Computing unit 801 may be a variety of general and/or special purpose processing components with processing and computing capabilities. Some examples of the computing Unit 801 include, but are not limited to, a CPU (Central Processing Unit), a GPU (graphics Processing Unit), various dedicated AI (Artificial Intelligence) computing chips, various computing Units running machine learning model algorithms, a DSP (Digital Signal Processor), and any suitable Processor, controller, microcontroller, and the like. The calculation unit 801 executes the respective methods and processes described above, such as a storage method of a map database, or a reading method of a map database. For example, in some embodiments, the storage method of a graph database, or the reading method of a graph database, may be implemented as a computer software program tangibly embodied in a machine-readable medium, such as storage unit 808. In some embodiments, part or all of the computer program can be loaded and/or installed onto device 800 via ROM 802 and/or communications unit 809. When the computer program is loaded into the RAM803 and executed by the computing unit 801, one or more steps of the above-described method of storing a map database, or method of reading a map database, may be executed. Alternatively, in other embodiments, the computing unit 801 may be configured to perform the storing method of the graph database, or the reading method of the graph database, in any other suitable way (e.g. by means of firmware).
Various implementations of the systems and techniques described here above may be realized in digital electronic circuitry, Integrated circuitry, FPGAs (Field Programmable Gate arrays), ASICs (Application-Specific Integrated circuits), ASSPs (Application Specific Standard products), SOCs (System On Chip, System On a Chip), CPLDs (Complex Programmable Logic devices), computer hardware, firmware, software, and/or combinations thereof. These various embodiments may include: implemented in one or more computer programs that are executable and/or interpretable on a programmable system including at least one programmable processor, which may be special or general purpose, receiving data and instructions from, and transmitting data and instructions to, a storage system, at least one input device, and at least one output device.
Program code for implementing the methods of the present application may be written in any combination of one or more programming languages.

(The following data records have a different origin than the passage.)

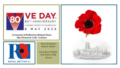 Yeovil & District RBL Celebrate VE Day80 on Thursday 8th May 16.30-17.30 at the Yeovil War Memorial. Yeovil RBL VE Day80th, 8th May 2025, Power Point ppt. VE Day 80Th Yeovil RBL Yeovil RBL VE Day80th, 8th May 2025, Word Document. VE Day80th 2025
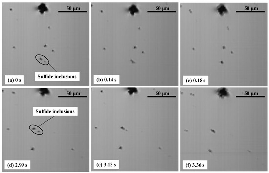 - The agglomeration behaviors of sulfide/sulfide particle pairs and sulfide/semi-liquid oxide pairs on the surface of liquid high-carbon steels were observed in situ by using CSLM. Agglomerations between oxide/oxide pairs were not detected because they were surrounded by sulfide particles shortly after floating up to the surface.
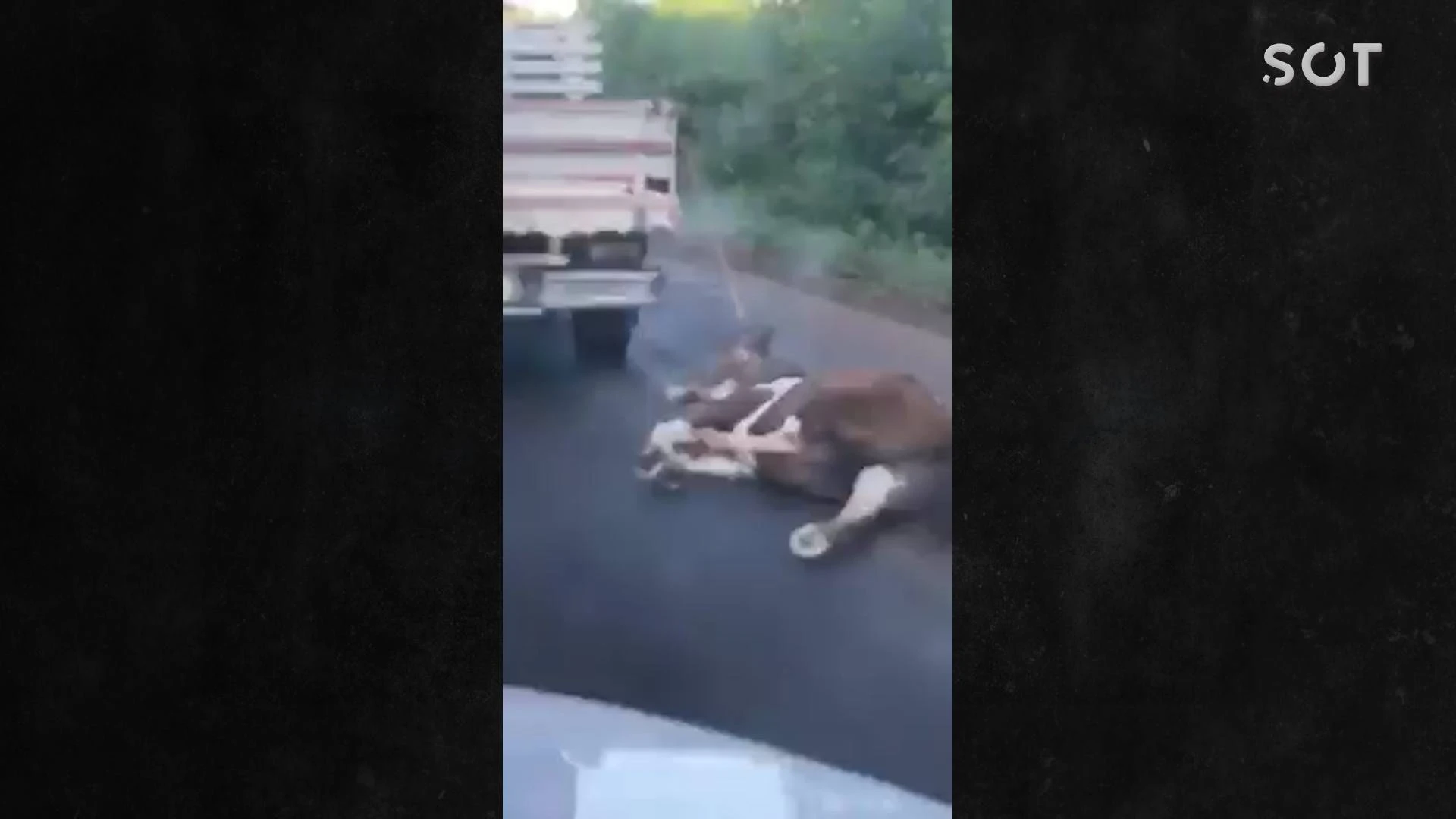 No vídeo filmado por um motorista é possível verificar que o carro que seguia atrás dava sinais de luz e buzinava o tempo todo como forma de “alertar” o motorista de que o cavalo estava amarrando sendo arrastado. Todos os sinais foram ignorados pelo condutor.
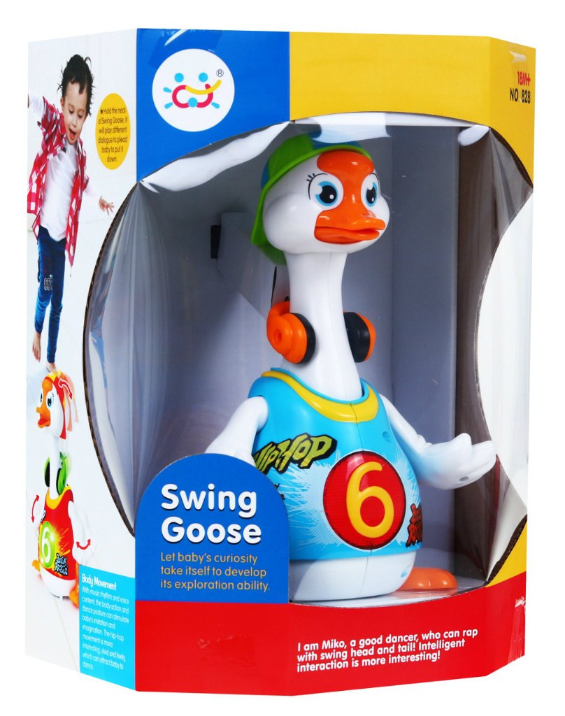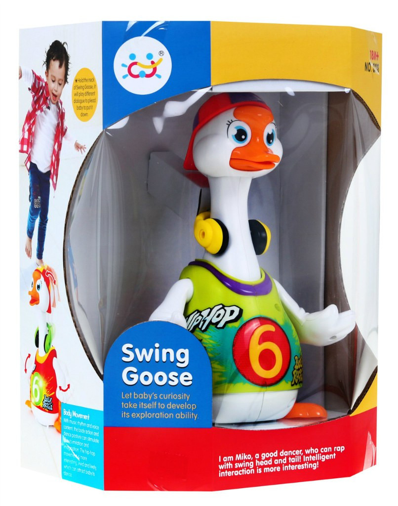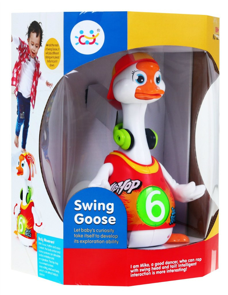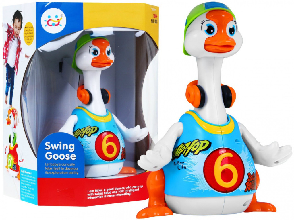 W rytm skocznych melodii kaczuszka tanecznie porusza się po płaskiej powierzchni, radośnie ruszając skrzydełkami, nóżkami oraz głową i szyją.
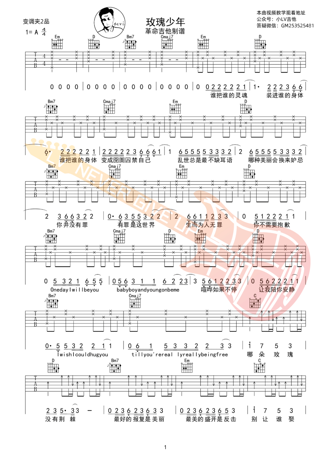 曲谱介绍: 吉他谱介绍:玫瑰少年吉他谱,蔡依林演唱的一首歌曲,4/4拍的节奏,这首歌曲的原调为A调,这里曲谱采用了G调指法进行编配,演唱时夹变调夹2品可回到原调,也可根据个人实际嗓音情况选择。曲谱由琴谱网更新上传,共3张高清图片弹唱吉他谱例,来源于@革命吉他编配出品。这首歌的原唱为蔡依林,五月天也翻唱过这首歌曲,非常好听的一首歌。 玫瑰少年吉他弹唱教学

These program codes may be provided to a processor or controller of a general purpose computer, special purpose computer, or other programmable data processing apparatus, such that the program codes, when executed by the processor or controller, cause the functions/operations specified in the flowchart and/or block diagram to be performed. The program code may execute entirely on the machine, partly on the machine, as a stand-alone software package partly on the machine and partly on a remote machine or entirely on the remote machine or server.
In the context of this application, a machine-readable medium may be a tangible medium that can contain, or store a program for use by or in connection with an instruction execution system, apparatus, or device. The machine-readable medium may be a machine-readable signal medium or a machine-readable storage medium. A machine-readable medium may include, but is not limited to, an electronic, magnetic, optical, electromagnetic, infrared, or semiconductor system, apparatus, or device, or any suitable combination of the foregoing. More specific examples of a machine-readable storage medium would include an electrical connection based on one or more wires, a portable computer diskette, a hard disk, a RAM, a ROM, an EPROM (Electrically Programmable Read-Only-Memory) or flash Memory, an optical fiber, a CD-ROM (Compact Disc Read-Only-Memory), an optical storage device, a magnetic storage device, or any suitable combination of the foregoing.

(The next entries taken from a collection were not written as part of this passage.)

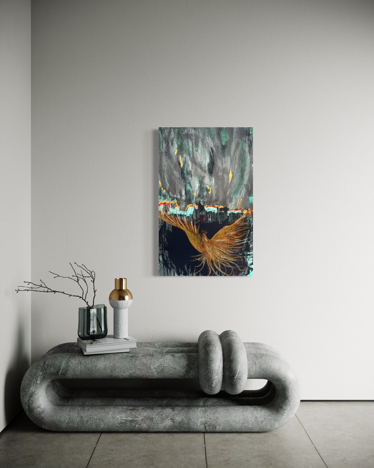 In diesem Acrylgemälde habe ich das kraftvolle Thema Wiedergeburt und Widerstandsfähigkeit anhand der lebendigen Darstellung eines Phönix aus der Dunkelheit erkundet. Die ausdrucksstarken Pinselstriche und die kontrastierenden Farben fangen die dynamische Energie und den Triumph des Geistes ein. Dieses Werk verkörpert Hoffnung und Erneuerung und soll Kraft und Mut im Angesicht von Widrigkeiten wecken. Es bringt eine lebendige, erhebende Energie in… jeden Raum und bestärkt den Betrachter mit seiner wilden Schönheit und der symbolischen Botschaft des Neuaufstiegs.
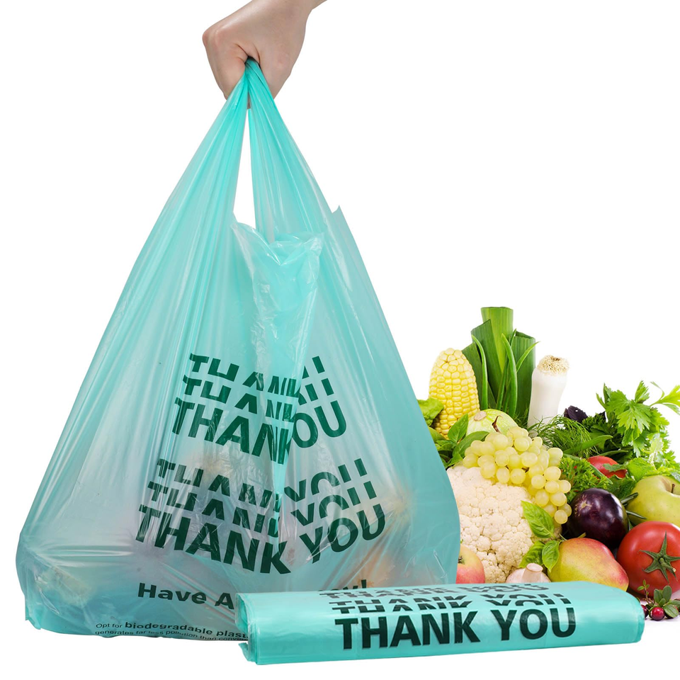 ถุงพลาสติกช้อปปิ้งรีไซเคิล ldpe/hdpe ถุงเสื้อยืดที่มีการพิมพ์กราเวียร์สำหรับซูเปอร์มาร์เก็ต
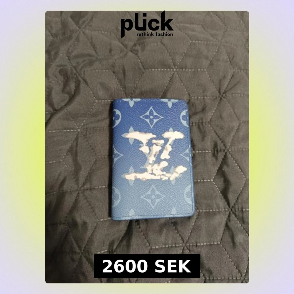 Snygg blå plånbok från Louis Vuitton med klassiskt monogrammönster och stor LV-logga i vitt på framsidan. Tillverkad i skinn med flera kortfack och stilren design. Perfekt accessoar för dig som vill sticka ut med något exklusivt och trendigt.
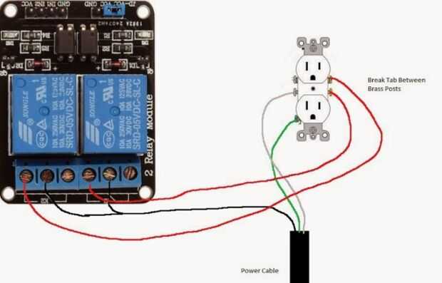 6. en la placa de relé, conecte el terminal "abierto" para puesto de relé 2 para el bronce "caliente" de la toma de corriente duplex inferior. Utilice un cable rojo o cable negro.
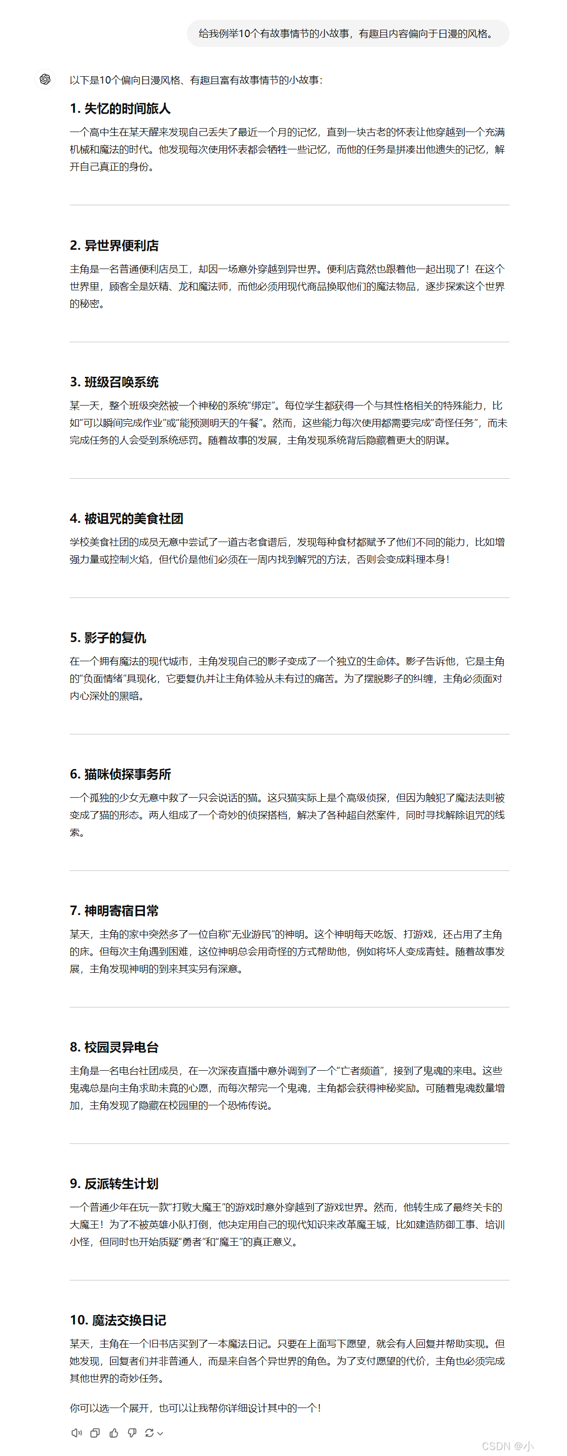 ,我们可以快速生成多个不同的故事情节:给我例举10个有故事情节的小故事,有趣且内容偏向于日漫的风格
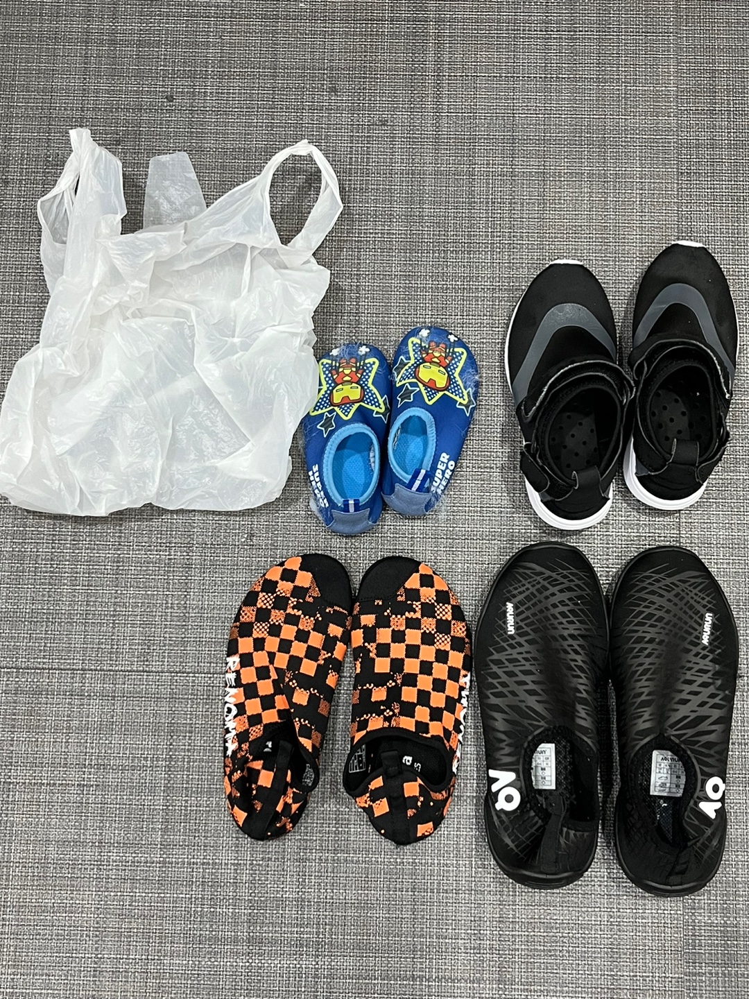 특징: 하얀 비닐봉지에 아쿠아슈즈 (260, 230, 190, 160) 들어있음
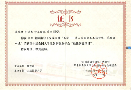 本屆年會共收到全國各高校推薦的1066個成果,經過評審,全國共有236所高校403個成果進入本次年會,其中,學術論文166篇、創(chuàng)新創(chuàng)業(yè)展示項目188項、創(chuàng)業(yè)推介項目49項。我校共有3項大學生創(chuàng)新創(chuàng)業(yè)訓練計劃項目作品入選,包括學術論文1篇、展示項目2項。入選作品數量居北京市市屬高校前列,其中我校宋煬老師的《茶境》項目在本次年會獲得“最佳創(chuàng)意項目”殊榮。
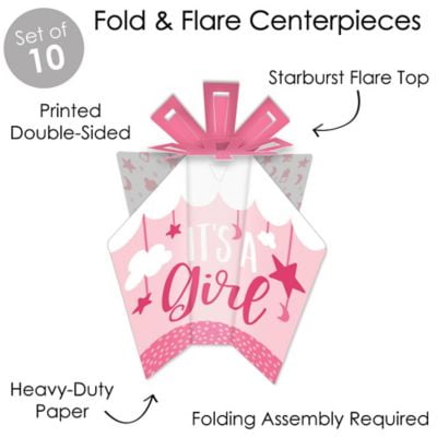 - It’s a Girl Fold and Flare Centerpieces INCLUDE: 10 heavy-duty paper centerpieces in our It’s a Girl theme. Each centerpiece has art on all four sides and starburst top for an impressive display. Some simple folding assembly required.

To provide for interaction with a user, the systems and techniques described here can be implemented on a computer having: a display device (e.g., a CRT (cathode ray tube) or LCD (liquid crystal display) monitor) for displaying information to a user; and a keyboard and a pointing device (e.g., a mouse or a trackball) by which a user can provide input to the computer. Other kinds of devices may also be used to provide for interaction with a user; for example, feedback provided to the user can be any form of sensory feedback (e.g., visual feedback, auditory feedback, or tactile feedback); and input from the user may be received in any form, including acoustic, speech, or tactile input.
The systems and techniques described here can be implemented in a computing system that includes a back-end component (e.g., as a data server), or that includes a middleware component (e.g., an application server), or that includes a front-end component (e.g., a user computer having a graphical user interface or a web browser through which a user can interact with an implementation of the systems and techniques described here), or any combination of such back-end, middleware, or front-end components. The components of the system can be interconnected by any form or medium of digital data communication (e.g., a communication network). Examples of communication networks include: LAN (Local Area Network), WAN (Wide Area Network), internet, and blockchain Network.

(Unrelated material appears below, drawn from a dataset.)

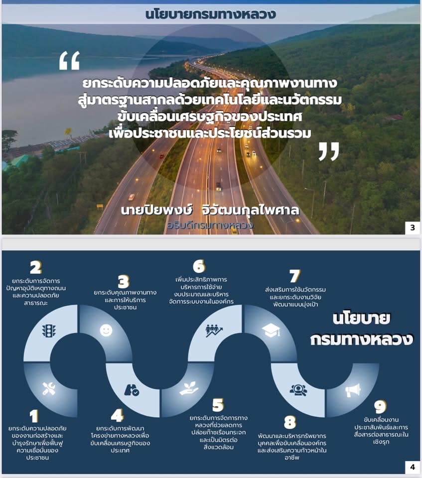 สำนักงานทางหลวงที่ 1 ร่วมรับนโยบายจากนายปิยพงษ์ จิวัฒนกุลไพศาล อธิบดีกรมทางหลวง เพื่อเป็นแนวทางในการขับเคลื่อนภารกิจของทางหลวงสู่ความมั่นคง ยั่งยืน และตอบสนองต่อประชาชนอย่างมีประสิทธิภาพ โดยมีนายสมเดช โสภณดิเรกรัตน์ รองผู้อำนวยการสำนักงานทางหลวง ตำแหน่งที่ 2 เป็นประธาน นำผู้อำนวยการส่วน และหัวหน้างานเข้าร่วมรับฟังนโยบายพร้อมแสดงพลังความร่วมมือในการพัฒนาโครงสร้างพื้นฐานของประเทศ ผ่านสื่ออิเล็กทรอนิกส์ ณ ห้องประชุมชั้น 3 สำนักงานทางหลวงที่ 1 (เชียงใหม่)
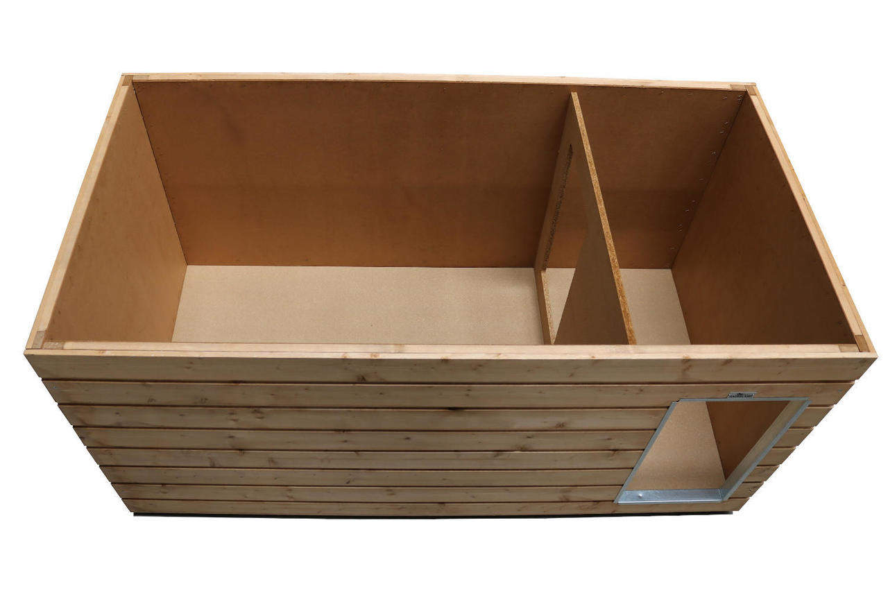 Voll-isolierte Hundehütte aus Holz mit Vorraum als Windfang und abnehmbarem Dach. Bausatz aus montagefertigen Elementen, schnell aufzubauen.

The computer system may include clients and servers. A client and server are generally remote from each other and typically interact through a communication network. The relationship of client and server arises by virtue of computer programs running on the respective computers and having a client-server relationship to each other. The Server can be a cloud Server, also called a cloud computing Server or a cloud host, and is a host product in a cloud computing service system, so as to solve the defects of high management difficulty and weak service expansibility in the traditional physical host and VPS service ("Virtual Private Server", or simply "VPS").
It should be understood that various forms of the flows shown above may be used, with steps reordered, added, or deleted. For example, the steps described in the present disclosure may be executed in parallel, sequentially, or in different orders, and are not limited herein as long as the desired results of the technical solutions disclosed in the present disclosure can be achieved.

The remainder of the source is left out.